» **ACTIVITY**: Exactly the lines from the line with "Hondenbench Profit is 63x44x51cm" through the final line of the records below, both ends included, are to be set down. Do not include pictures.

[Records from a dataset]
=== Begin Enclosure ===

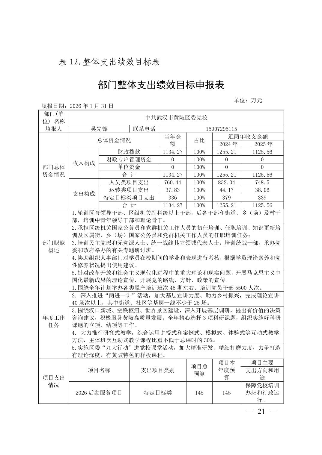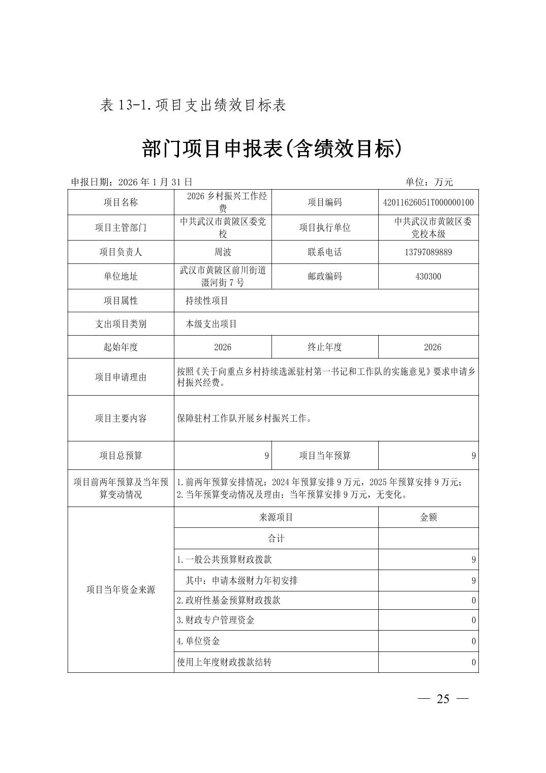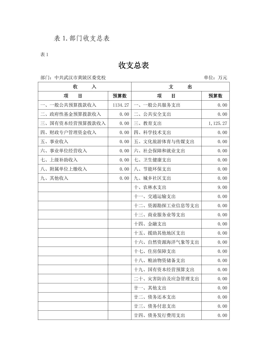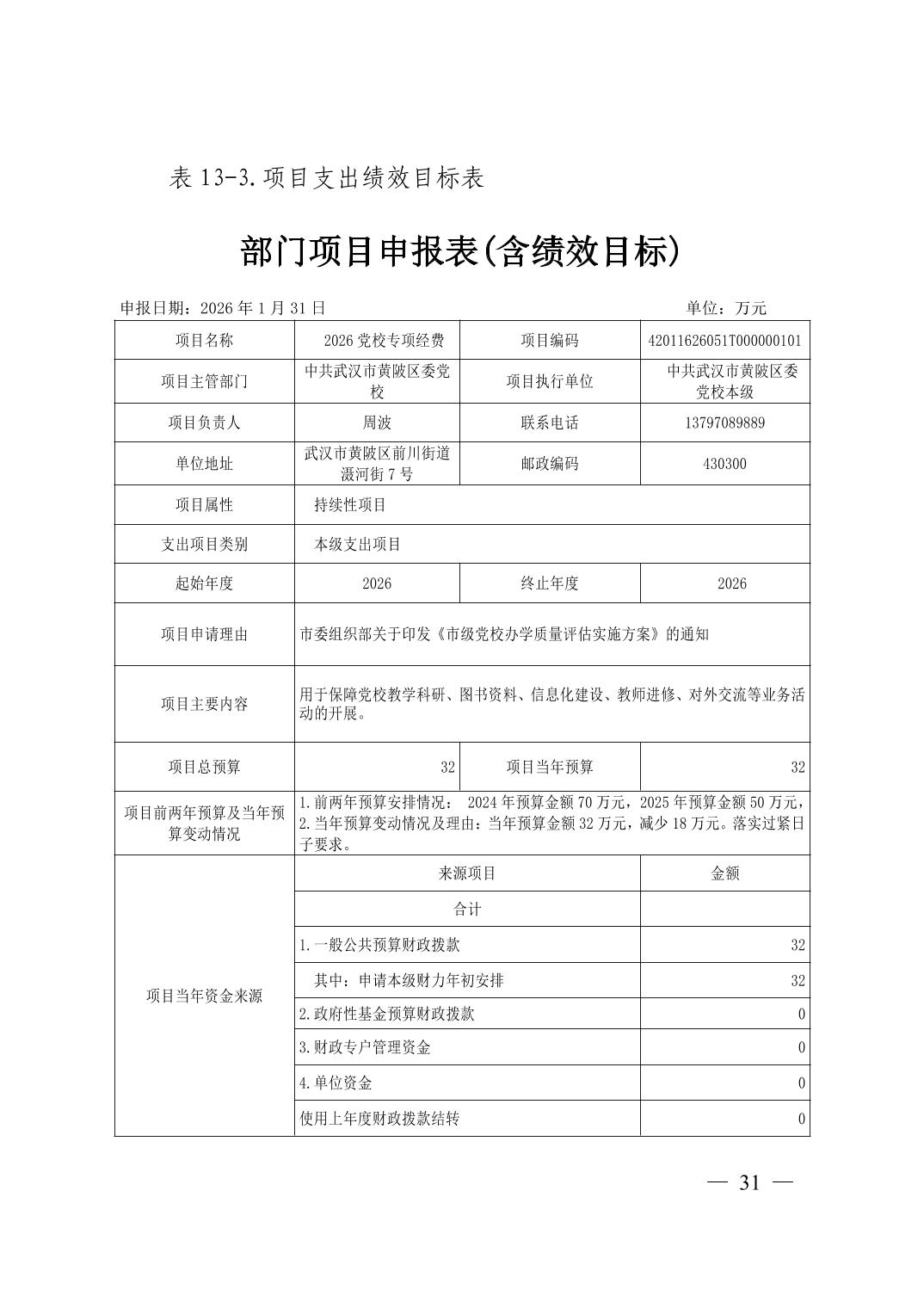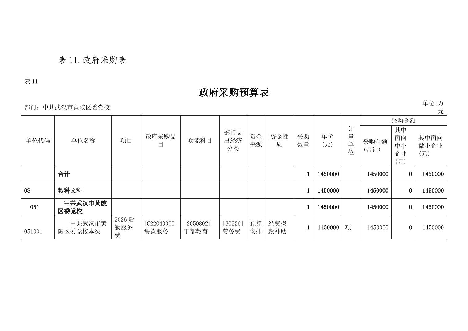 2026年中共武汉市黄陂区委党校部门预算公开
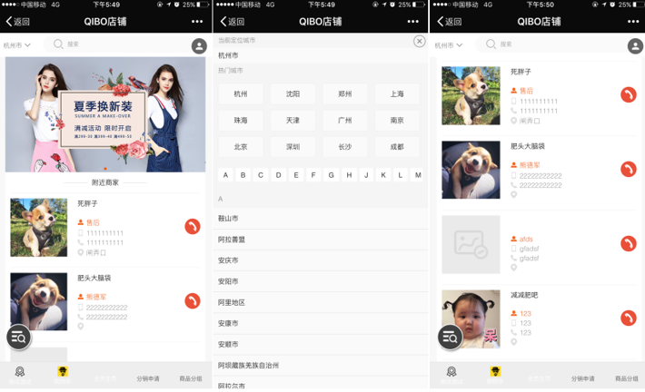 可自動定位到所在省份,并選出附近的5個門店列表。目前只有第42套模板才有門店定位功能。
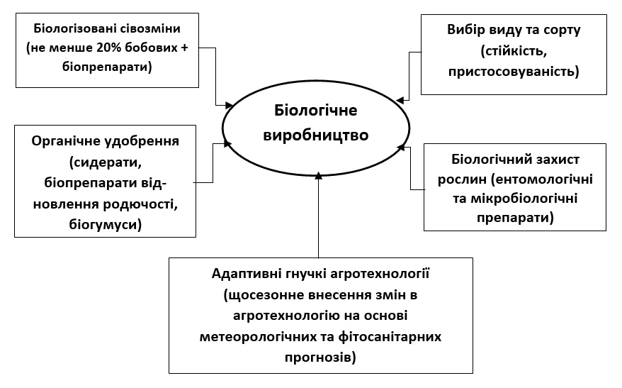 Рис. 1 – Схема основних складових інтенсифікації біологічного агровиробництва
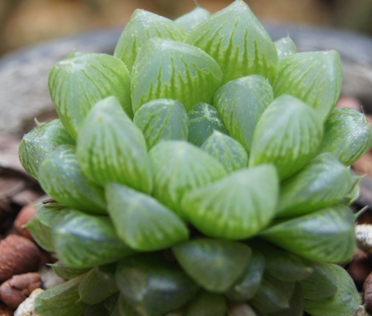 玉露原产南非,喜凉爽的半荫环境,主要生长期在春、秋季节,为多肉植物中的“中间型”品种。耐干旱,不耐寒,忌高温潮湿和烈日暴晒,怕荫蔽,也怕土壤积
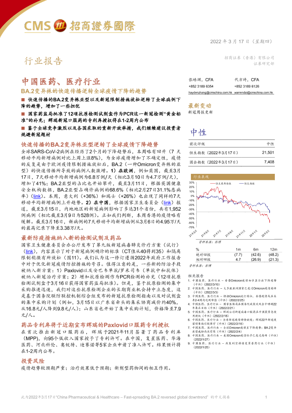 【招商证券国际】【20220317】中国医药、医疗行业:BA.2变异株的快速传播逆转全球疫情下降的趋势-16页
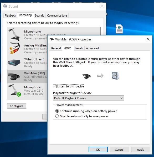 Windows 7/8/10 esetében nem kell ehhez külön program. Ha jobban belegondolsz, akkor az nem is lenne logikus, hogy minden csatlakoztatott USB eszköz magától egyből a default outputra küldje a hangját, elég nagy kakofónia lenne az eredmény több eszköz esetén. Az USB-s szintid egy felvételi forrás, amit aktiválni kell, hogy halljad a hangját egy kiválasztott output-on. Valahogy így néz ez ki Windows-on (az én esetemben egy USB-s Walkman most a példa eszköz):
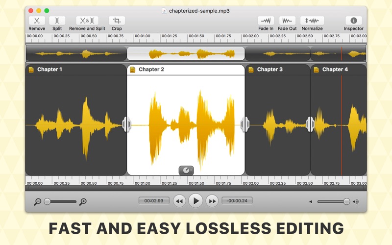 Easy Editing: Trim, split, fade in and out, all with a few simple clicks. Fission is designed with simplicity in mind.
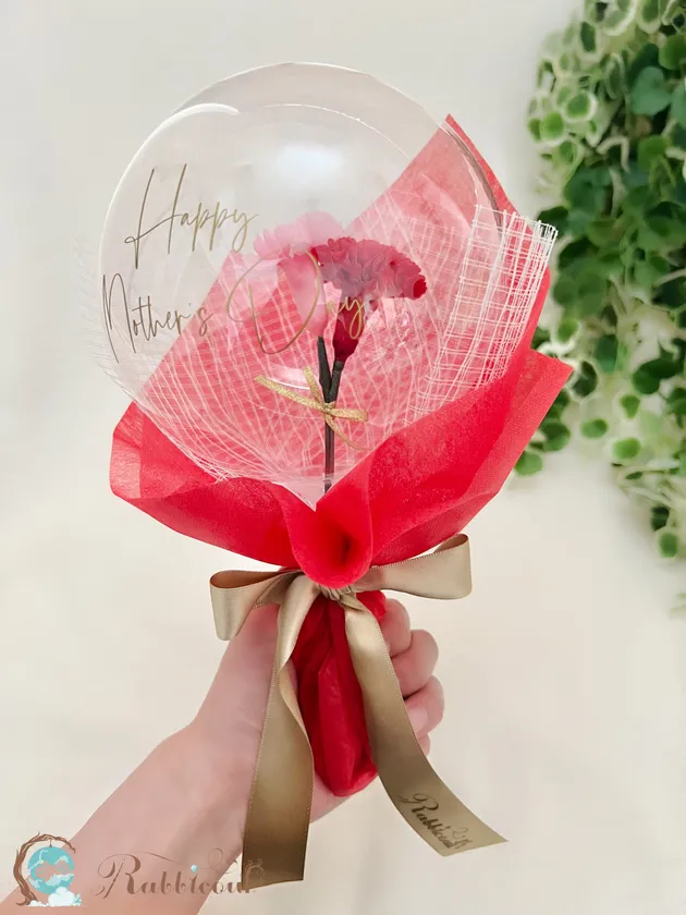 透明なバルーンの中にプリザーブドフラワーカーネーションを2輪入れたお洒落で心踊るデザインのお土産。ご帰宅後も含め、母の日の1日を素敵に演出するお土産特典付きのチケットとなっております。
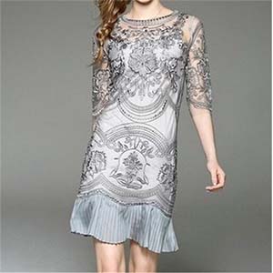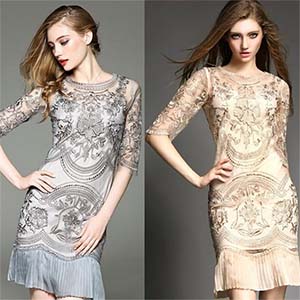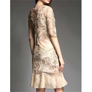 セレブ的 ゴールド 総レースのタイトワンピース[Y-W75B]
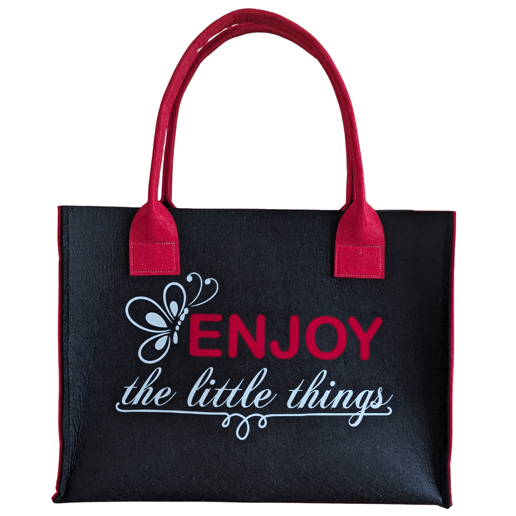 Filz-Tasche mit dem Spruch: „ENJOY the little things“ – wie am Foto ersichtlich. In verschiedenen Farben und Größen erhältlich.
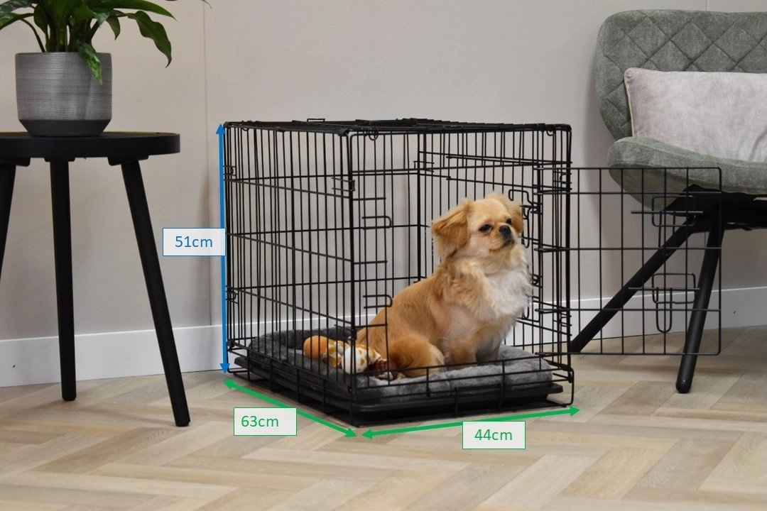Hondenbench Profit is 63x44x51cm (LxBxH). De hondenbench heeft 2 stevige deuren met sluiting. De opvouwbare hondenbench heeft een uitneembare kunststof bak. Hierdoor is onze hondenbench gemakkelijk schoon te maken. Geschikt als bench voor een kleinere hond als Boomer, Cavalier King Charles Spaniel, Dwergkeeshond, Jack Russel, Maltezer, Pekinees, Teckel, West Highland White Terriër en Yorkshire Terriër. Deze zwarte hondenbench Profit is leverbaar in 3 verschillende afmetingen: [63cm] / 92cm / 122cm.
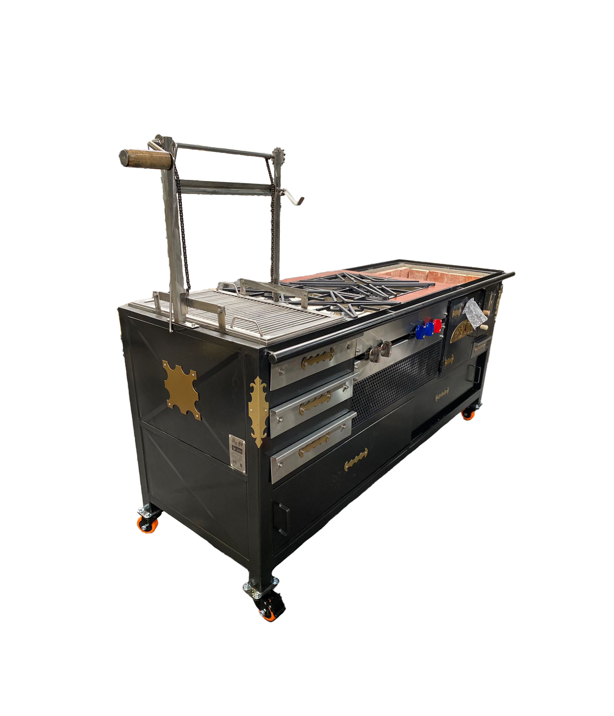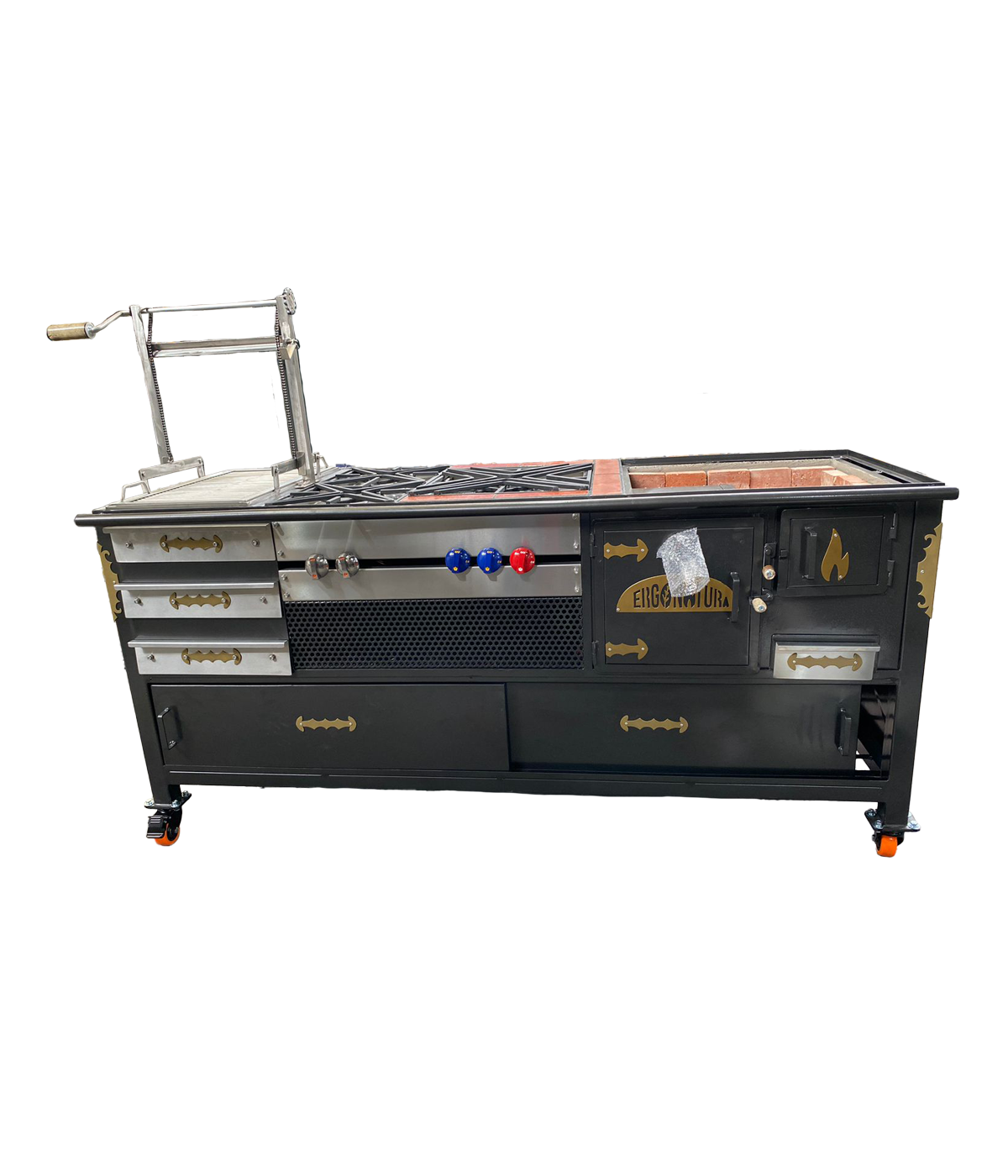 Estufa Sanjuanera modular: versatilidad total con módulos de gas, leña y parrilla BBQ. Ideal para negocios gastronómicos de gran capacidad.

=== End Enclosure ===

» **WRITTEN ANSWER**:
Hondenbench Profit is 63x44x51cm (LxBxH). De hondenbench heeft 2 stevige deuren met sluiting. De opvouwbare hondenbench heeft een uitneembare kunststof bak. Hierdoor is onze hondenbench gemakkelijk schoon te maken. Geschikt als bench voor een kleinere hond als Boomer, Cavalier King Charles Spaniel, Dwergkeeshond, Jack Russel, Maltezer, Pekinees, Teckel, West Highland White Terriër en Yorkshire Terriër. Deze zwarte hondenbench Profit is leverbaar in 3 verschillende afmetingen: [63cm] / 92cm / 122cm.
 Estufa Sanjuanera modular: versatilidad total con módulos de gas, leña y parrilla BBQ. Ideal para negocios gastronómicos de gran capacidad.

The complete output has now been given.